Quando eu lembro desses momentos parece que foi sonho, imaginação, alguma coisa há tanto tempo que pode não ser verdade. Duvido de mim. Só quem viveu o que eu vivi, poderia se tornar a pessoa que eu sou. Sempre dá pra melhorar. Ninguém melhora sem entregar.

No início dessa vida isolada questionei todos os meus valores e pesquisei todas as minhas capacidades, como quem vai pra fila de emprego, munida do recorte de jornal, da carteira de trabalho, carregando o que sabe fazer vindo de uma experiência não comprovada e que o empregador não quer saber.
Os empregadores brasileiros têm alma de bicheiro: Só vale o que está escrito...

A carteira de trabalho de uma produtora cultural, é a memória do público que assistiu suas produções. É o rastro de construção dos espaços por onde passou. É o carinho dos artistas que conseguem continuar com carinho depois de trabalhar junto, uma atividade mais íntima do que casamento, de maneira que, o falar mal de alguém diz muito mais sobre quem fala mas o falar bem, já é outras coisas. Produção é preenchida por valores ancestrais, quanto mais horizontais, mais próxima da perfeição.

Foi numa outra vida que eu trocava com Dona Ivone Lara, vivia no cafofo da Tia Surica, fotografava com Marquinhos de Oswaldo Cruz, entrevistava Marquinho Sathan, Papeava com Neide Sant'anna, me encantava com Aluisio Machado, bebia na fonte Monarco, paralisava diante de Cristina Buarque - por mais que ela tenha achado a cabine para se transformar em Maria Christina Ferreira e o escaninho para tentar arquivar seu traje encantado-encantador. Não querida, mestres não se aposentam, e você é mestra. Aceita pra não doer nada.

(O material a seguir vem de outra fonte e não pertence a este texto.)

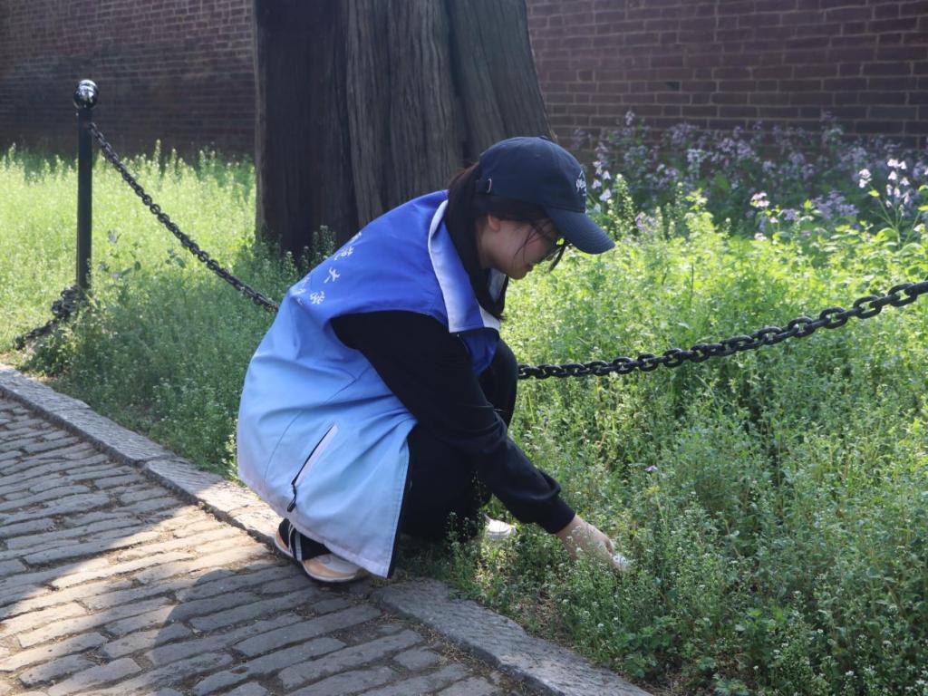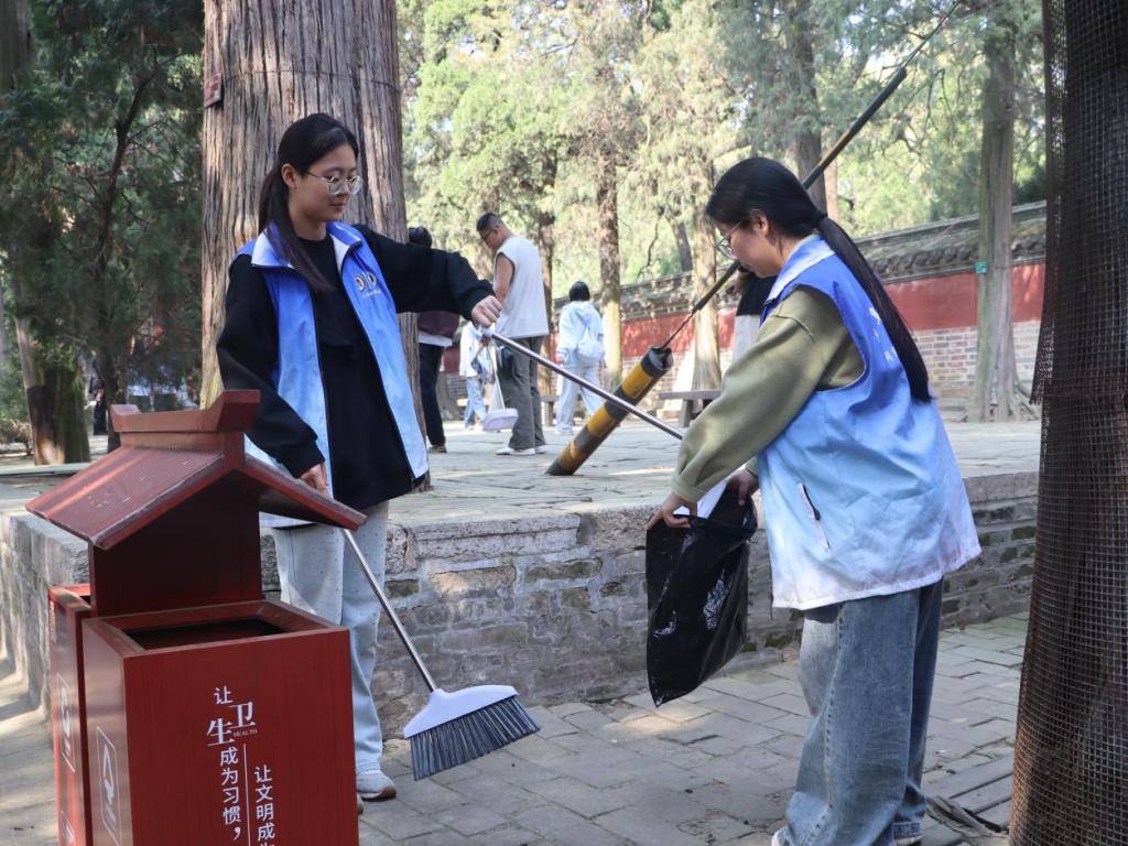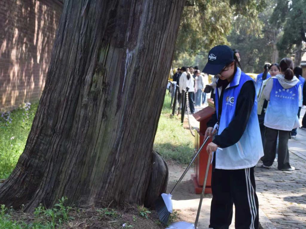 活动当日,志愿者统一集结,领取清洁工具。负责人就活动流程、注意事项、文物保护要求及任务分工作出详细说明。抵达孔林后,田保兵围绕孔林的历史沿革与文化内涵进行讲解,引导志愿者深入理解文化遗产的时代价值。志愿者们秉持对文物的敬畏之心与保护之责,手持扫帚、簸箕等工具,分工协作,对孔林路面、绿化带等区域的垃圾杂物进行全面清理。活动全程严格遵守文物保护准则,不触碰文物、不进入非指定区域,展现了曲师大学子良好的精神风貌。清扫结束后,志愿者有序整理工具、集中处理垃圾,经现场检查确认后统一返程,活动秩序井然。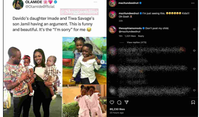 The former singer-turned-blogger shared a video of Davido and Sophia Momodu’s daughter, Imade, arguing with Tiwa Savage’s son, Jamil Balogun.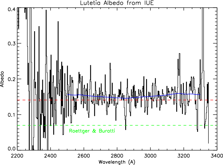 3000 Å. Nevertheless, the far ultraviolet albedo of Lutetia (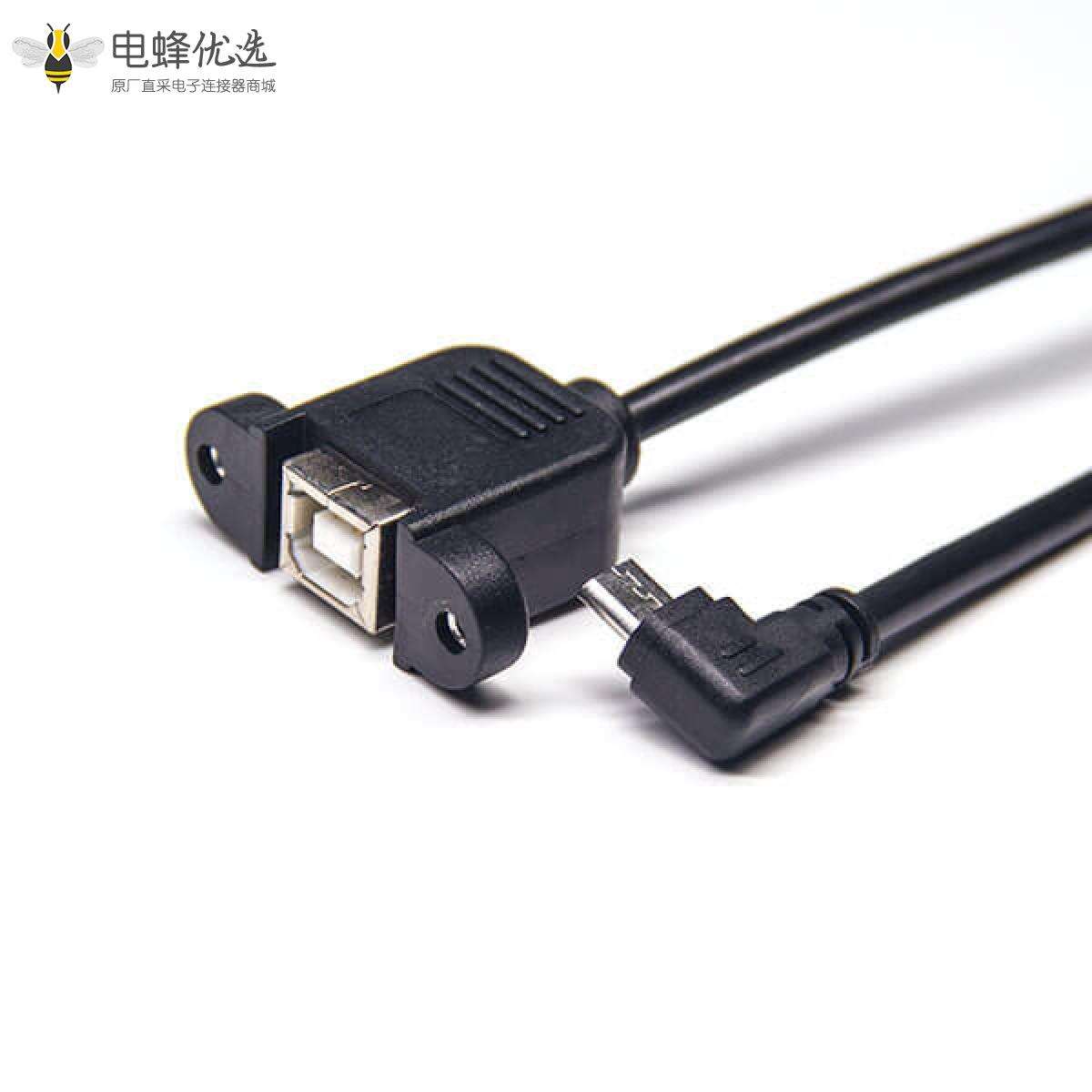 USB2.0线材,Micro USB,公,左弯,USB B,母,直;

Foi nessa outra vida que eu enchia a cara na porta do Portelão, sem ter um puto de um tostão e ria como se fosse milionária porque bêbada ri à toa, abraça por nada e beija todo mundo. E eu sou uma bêbada fácil, de baixo investimento, baixo custo, baixa renda mas de muita inspiração etílica. Qualquer 6 latinhas jogam minha pose pra baixo da mesa e empurram a minha criatividade pro patamar do céu é o limite.

Eu vivi um mundo de ícones de carne e osso, construtores de uma cultura que tentam jogar no bueiro. Parece sonho, às vezes pesadelo.

Entendo as pessoas que não conseguiram passar pelo processo de isolamento. Parece que a gente vai envelhecer sem nunca mais fazer coisa alguma. Sensação de cadeia.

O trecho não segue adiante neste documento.